Next-Generation Architecture Best Practices

Technological advancements are moving at a rapid pace, especially in architecture where practices are constantly evolving. Modern digital transformation requires the latest architectural practices to cater to the growing demands of businesses and for the scaling of software. In this article, we discuss the most important next-gen architectural practices and their benefits:

1. Token-Based Authentication
2. Enhanced DevOps Pipeline
3. Containerization based code build model
4. Service-Based Architecture
5. Limit Stored Procedures

Architecture Best Practices

1. Token-Based Authentication

There are multiple types of authentication techniques, the most common of which is cookie-based. A cookie-based authentication server keeps a record of all database connections on the client side of the cookie, which is stored as a session identifier in the browser.

However, cookie-based authentication has limitations:

• Cookie-based authentication is stateful and impacts scalability.
• Cookies work on a single domain only.
• Tight coupling between client and server.

We recommend the Token-based authentication technique for the next-gen architecture because it is stateless. There are multiple token-based authentication techniques, including the best known and most used JWT (Json web token). The server does not keep a record of users who are logged in or of which JWTs have been issued. Instead, every request on the server is accompanied by a token which the server uses to verify the authenticity of the request.

The token is generally sent as an additional Authorization header in the form of Bearer {JWT}. It can also be sent in either the body or as a query parameter of a POST request. The benefits of using token-based authentication include:

• Stateless authentication mechanism.
• Improved scalability and performance.

2. Enhanced DevOps Pipeline

Next, we have an automated CI/CD (Continuous Integration/Continuous Deployment) pipeline for the codebase. This pipeline should deploy the code to different environments; for example, Dev, QA, Product, etc.

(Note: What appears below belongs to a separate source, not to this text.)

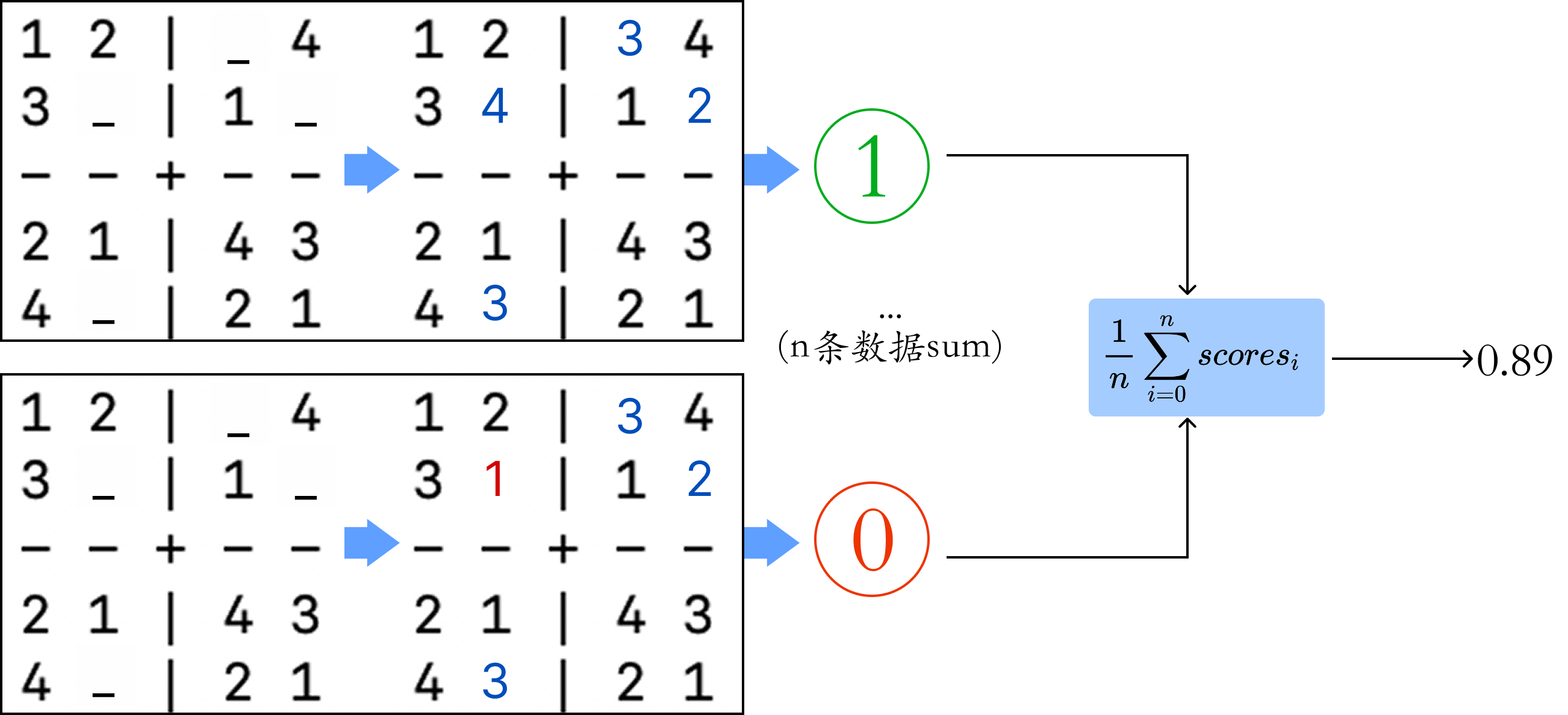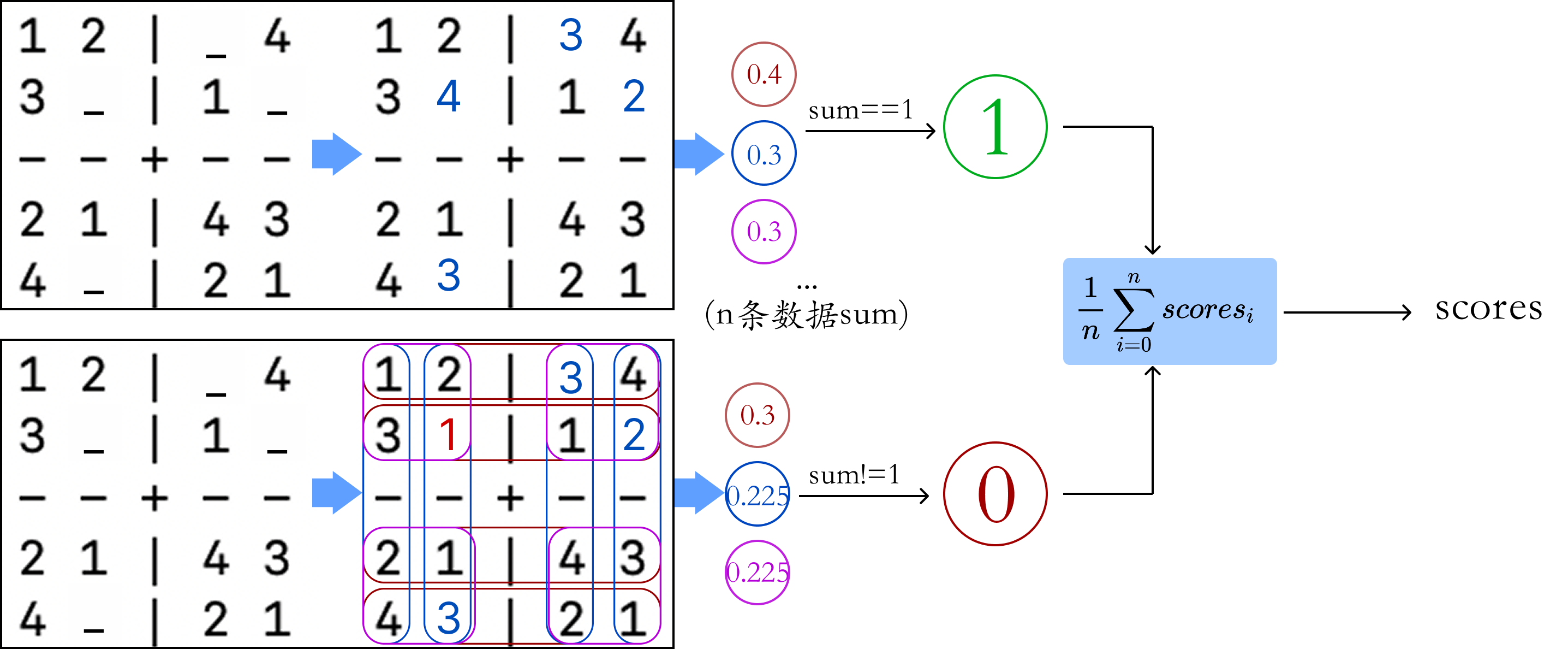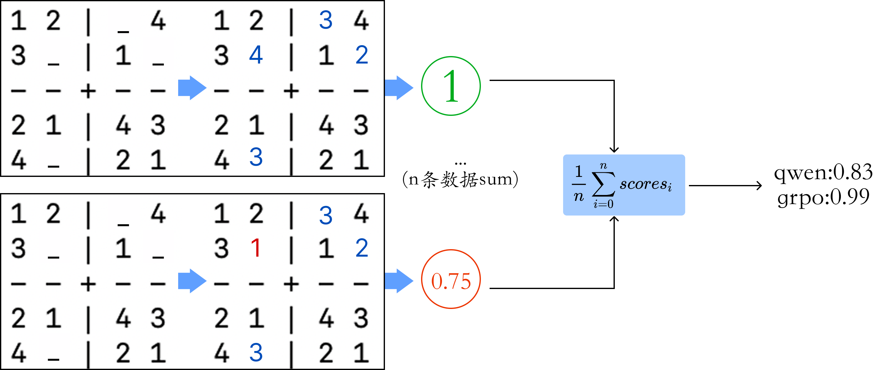 1. 同一个问题可能回答的结果不一样,但可能符合数独游戏规则,因此我们不能以单纯的对错来设计解答的准确度奖励,而应该以规则的遵守程度来设计奖励函数,比如每行、每列、每个小格子是否都遵守了规则,如果没有遵守,错了多少个就扣多少分。

Below is a sample of a CI/CD pipeline for .NET projects. As seen in the pipeline, the code repositories are an AzureDevOps code, which is built through the .NET Nuget package manager tool and tested using NUnit.

The Static code analysis of the code is completed initially using a SonarQube or Resharper tool. It then uses dynamic and security testing performed by the Veracode. This is then deployed using the Octopus tool, which can be further tested via a Functional or a Performance test.

Here are the benefits of using an automated CI/CD pipeline:

• Auto code deployment to various environments, e.g. QA, Pre-Prod, Product.
• Frequent releases.
• Integrated Unit testing in CI/CD Pipeline.
• Integrated Static Code analysis.
• Integrated Security scan.
• Improves code quality and consistent code maintenance process.

3. Containerization-based code to This runtime Docker application build model

Code building and deployment should be done using a containerization-based approach. Docker is the leading containerization technology. The basic container wraps the application and its dependencies to create a runtime environment for the application.

This runtime Docker application contains work that is seamlessly applied to any environment Dev, QA, Prod, etc. Below is a reference to an architecture diagram for the running code of Docker containers.

Benefits:

• All Application codes (API/Service) and their dependencies are packaged as a Docker image and run as a Docker container.
• Push Docker images to different environments (QA, CERT, Pre prod, Prod), maintain different Docker versions for images.
• Less time and less operational cost in setting up a new environment.
• This container-based service can be further scaled to be used independently through a container orchestrator service like Kubernetes.

4. Service-Based Architecture

Following a service-based architecture around different business domains enables everything to be serviced as a Rest API or GraphQL, which is easily consumed and reused by other applications. Entire businesses can be approached as a set of independent and accessible APIs.

The following is a reference service-based architecture diagram. The entire business can be seen as a set of Rest API services, which can be easily consumed by business functionalities. This will help to avoid version conflict, remove application compatibility issues, and bring uniformity to the business functionality.

5. Limit Stored Procedures

During the application, stored procedures should be limited as much as possible to avoid:

• SPROCs on a database, which will create a monolithic system that cannot be easily scaled.
• Limitations in automated testing, debugging, error handling, and maintainability.

Apply these steps to reduce stored procedures while moving to the business (API) layer:

• Move the logic of the stored procedure to the business layer of the Rest API/GraphQL handlers. ORM tools like NHibernate/Entity framework can also be used.
• Call relevant SQL scripts through DAPR (Micro ORM) in Rest API.

The benefits of using this approach include easier code maintenance and debugging, error handling, and writing automated unit testing as well as improvements in scalability.

Conclusion

The next-gen architecture practices above can be adapted to any project at any scale, offering several benefits to the project’s maintenance. Adopting these architecture best practices will lead to loosely coupled, stateless applications that are easier to build, maintain, test, and deploy.